__Aim of the task__:
Transcribe the entries exactly as they stand below, passing over any picture.

__Extracted entries__:
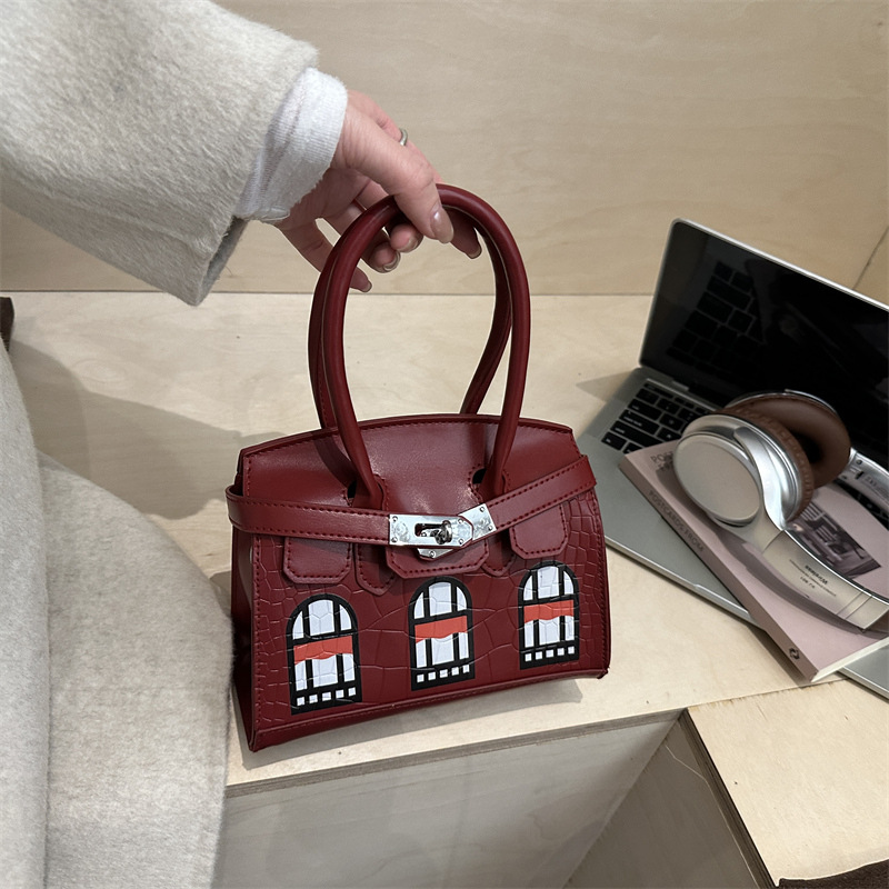 包包女2025新款潮经典撞色小房子20CM铂金包手提单肩斜跨女包bags
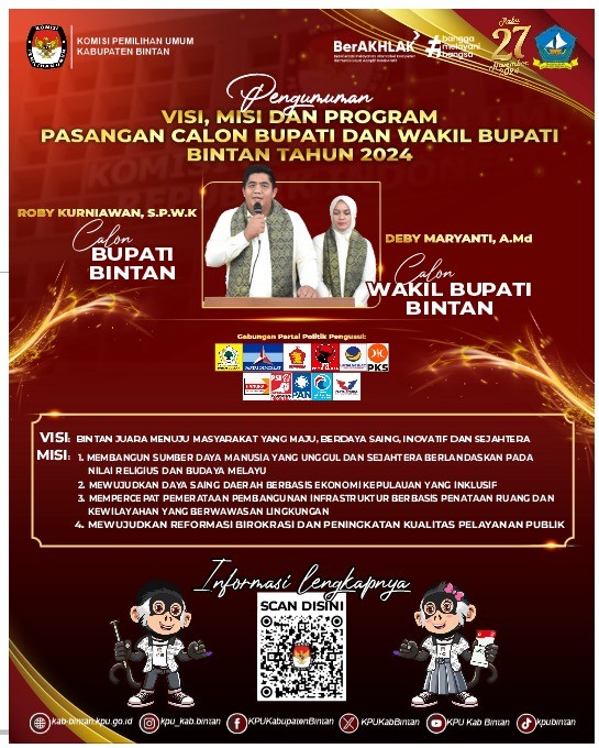 Bahwa untuk melaksanakan ketentuan Pasal 137 Peraturan KPU Nomor 8 Tahun 2024 tentang Pencalonan Gubernur dan Wakil Gubernur, Bupati dan Wakil Bupati, serta Walikota dan Wakil Walikota yang telah diubah dengan Peraturan KPU Nomor 10 Tahun 2024 tentang Perubahan Atas Peraturan KPU Nomor 8 Tahun 2024 tentang Pencalonan Gubernur dan Wakil Gubernur, Bupati dan Wakil Bupati, serta Walikota dan Wakil Walikota, Komisi Pemilihan Umum Kabupaten Bintan mengumumkan Penerimaan Masukan dan Tanggapan Masyarakat terhadap Pasangan Calon Bupati dan Wakil Bupati Kabupaten Bintan sebagai berikut:
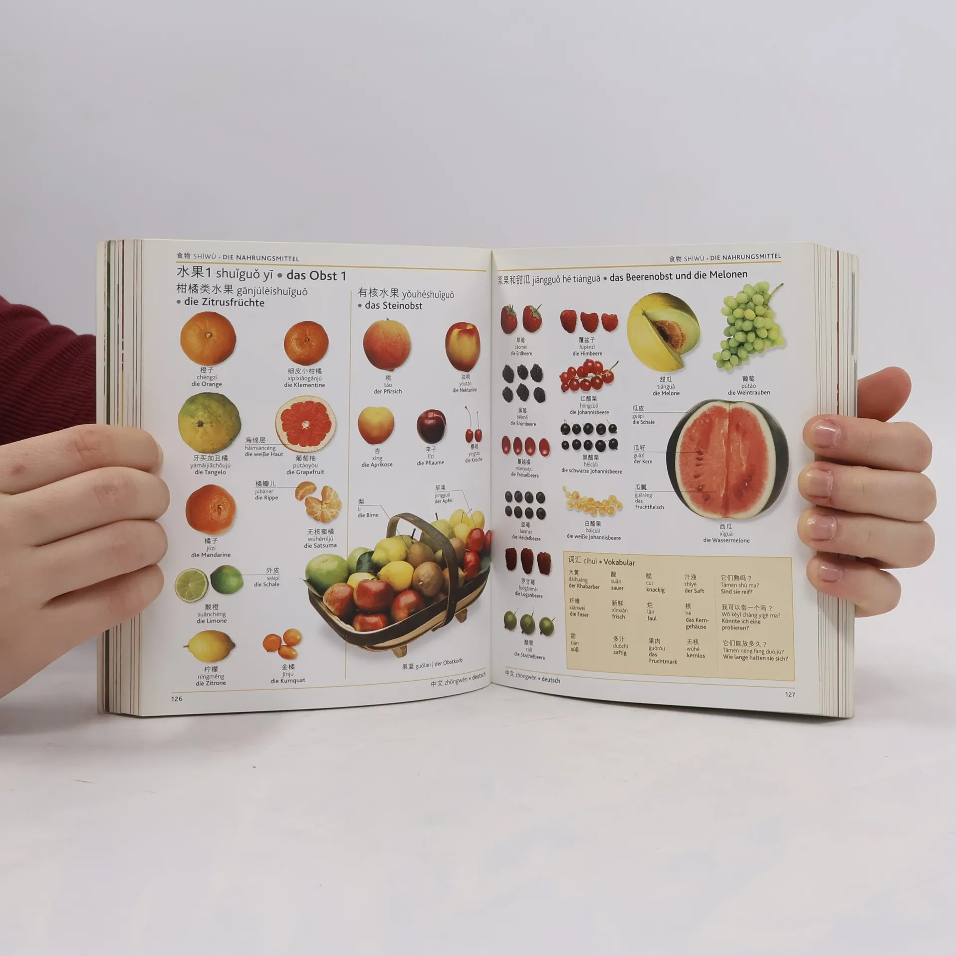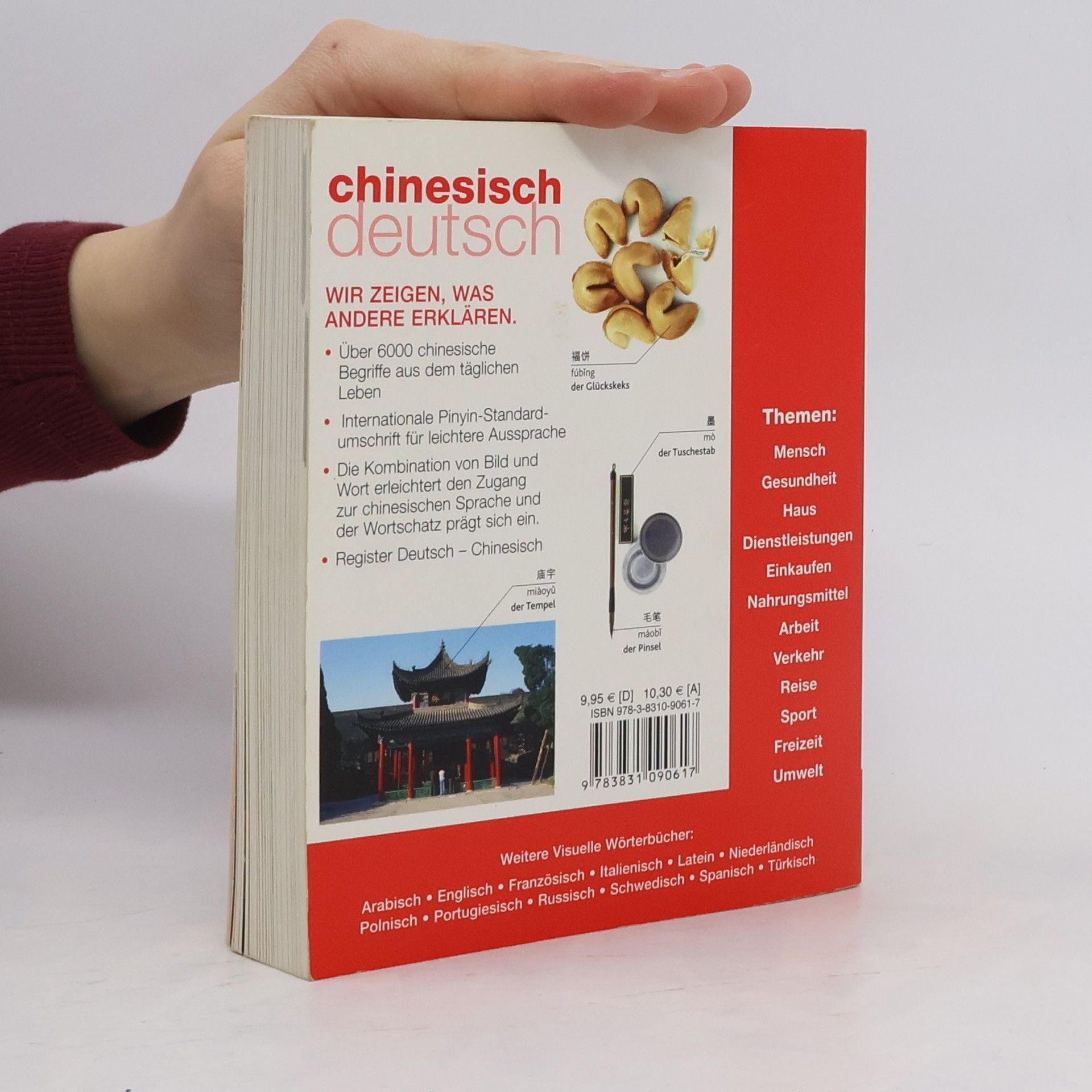 Dieses kompakte Bildwörterbuch stellt über 6000 chinesische Begriffe und deren deutsche Übersetzung vor. Für eine einfache Aussprache sind die chinesischen Vokabeln (Mandarin) sowohl in chinesischen Schriftzeichen als auch in der standardisierten Pinyin-Umschrift angegeben. Über 1600 farbige Fotografien und Grafiken sowie eine systematische Gliederung in verschiedene Bereiche des alltäglichen Lebens ermöglichen einen schnellen und lebendigen Zugang zur chinesischen Sprache. Informationskästen mit grammatischen Erläuterungen runden das Buch ab. Ein anschaulicher, praktischer und kompetenter Begleiter für Reise, Beruf und zum Nachschlagen zu Hause.
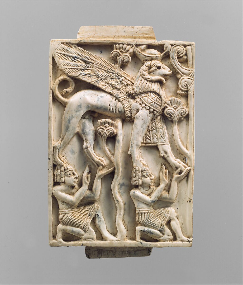 This rectangular plaque was found in a storeroom at Fort Shalmaneser, a royal building at Nimrud that was probably used to store tribute and booty collected by the Assyrians while on military campaign. It is carved in high relief with a winged, ram-headed sphinx striding to the right supported by the heads and upraised left palms of two kneeling male figures. The male figures raise their right hands with palms facing forward. A long, curving stalk with palmette flowers marks the center of the plaque, and a tree topped by volutes borders the scene on the right. A thin, raised border runs around the other three sides. The sphinx’s eye is deeply drilled to receive an inlay of colored glass or semiprecious stone that has not survived. Two tenons, preserved above the upper and lower edges, indicate that this piece may have been fitted into a frame, likely as part of a piece of furniture.
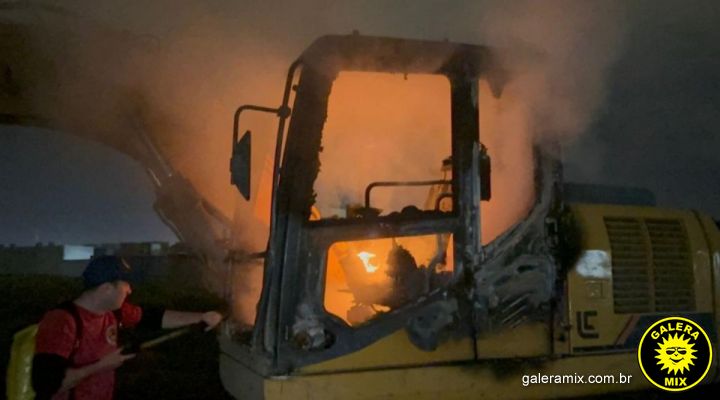 A máquina foi deixada no local para evitar transporte noturno e retomar trabalhos no dia seguinte. Equipes da prefeitura e o Corpo de Bombeiros foram acionados, controlando o fogo sem feridos.
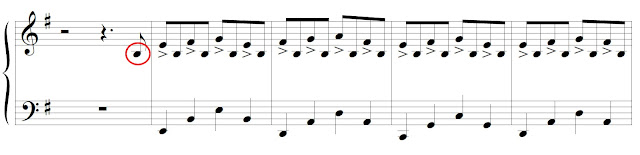 The red ring highlights the B that I repeat and alternate to the melodic notes (with the accent >).

__Task solution__:
 包包女2025新款潮经典撞色小房子20CM铂金包手提单肩斜跨女包bags
 Bahwa untuk melaksanakan ketentuan Pasal 137 Peraturan KPU Nomor 8 Tahun 2024 tentang Pencalonan Gubernur dan Wakil Gubernur, Bupati dan Wakil Bupati, serta Walikota dan Wakil Walikota yang telah diubah dengan Peraturan KPU Nomor 10 Tahun 2024 tentang Perubahan Atas Peraturan KPU Nomor 8 Tahun 2024 tentang Pencalonan Gubernur dan Wakil Gubernur, Bupati dan Wakil Bupati, serta Walikota dan Wakil Walikota, Komisi Pemilihan Umum Kabupaten Bintan mengumumkan Penerimaan Masukan dan Tanggapan Masyarakat terhadap Pasangan Calon Bupati dan Wakil Bupati Kabupaten Bintan sebagai berikut:
 Dieses kompakte Bildwörterbuch stellt über 6000 chinesische Begriffe und deren deutsche Übersetzung vor. Für eine einfache Aussprache sind die chinesischen Vokabeln (Mandarin) sowohl in chinesischen Schriftzeichen als auch in der standardisierten Pinyin-Umschrift angegeben. Über 1600 farbige Fotografien und Grafiken sowie eine systematische Gliederung in verschiedene Bereiche des alltäglichen Lebens ermöglichen einen schnellen und lebendigen Zugang zur chinesischen Sprache. Informationskästen mit grammatischen Erläuterungen runden das Buch ab. Ein anschaulicher, praktischer und kompetenter Begleiter für Reise, Beruf und zum Nachschlagen zu Hause.
 This rectangular plaque was found in a storeroom at Fort Shalmaneser, a royal building at Nimrud that was probably used to store tribute and booty collected by the Assyrians while on military campaign. It is carved in high relief with a winged, ram-headed sphinx striding to the right supported by the heads and upraised left palms of two kneeling male figures. The male figures raise their right hands with palms facing forward. A long, curving stalk with palmette flowers marks the center of the plaque, and a tree topped by volutes borders the scene on the right. A thin, raised border runs around the other three sides. The sphinx’s eye is deeply drilled to receive an inlay of colored glass or semiprecious stone that has not survived. Two tenons, preserved above the upper and lower edges, indicate that this piece may have been fitted into a frame, likely as part of a piece of furniture.
 A máquina foi deixada no local para evitar transporte noturno e retomar trabalhos no dia seguinte. Equipes da prefeitura e o Corpo de Bombeiros foram acionados, controlando o fogo sem feridos.
 The red ring highlights the B that I repeat and alternate to the melodic notes (with the accent >).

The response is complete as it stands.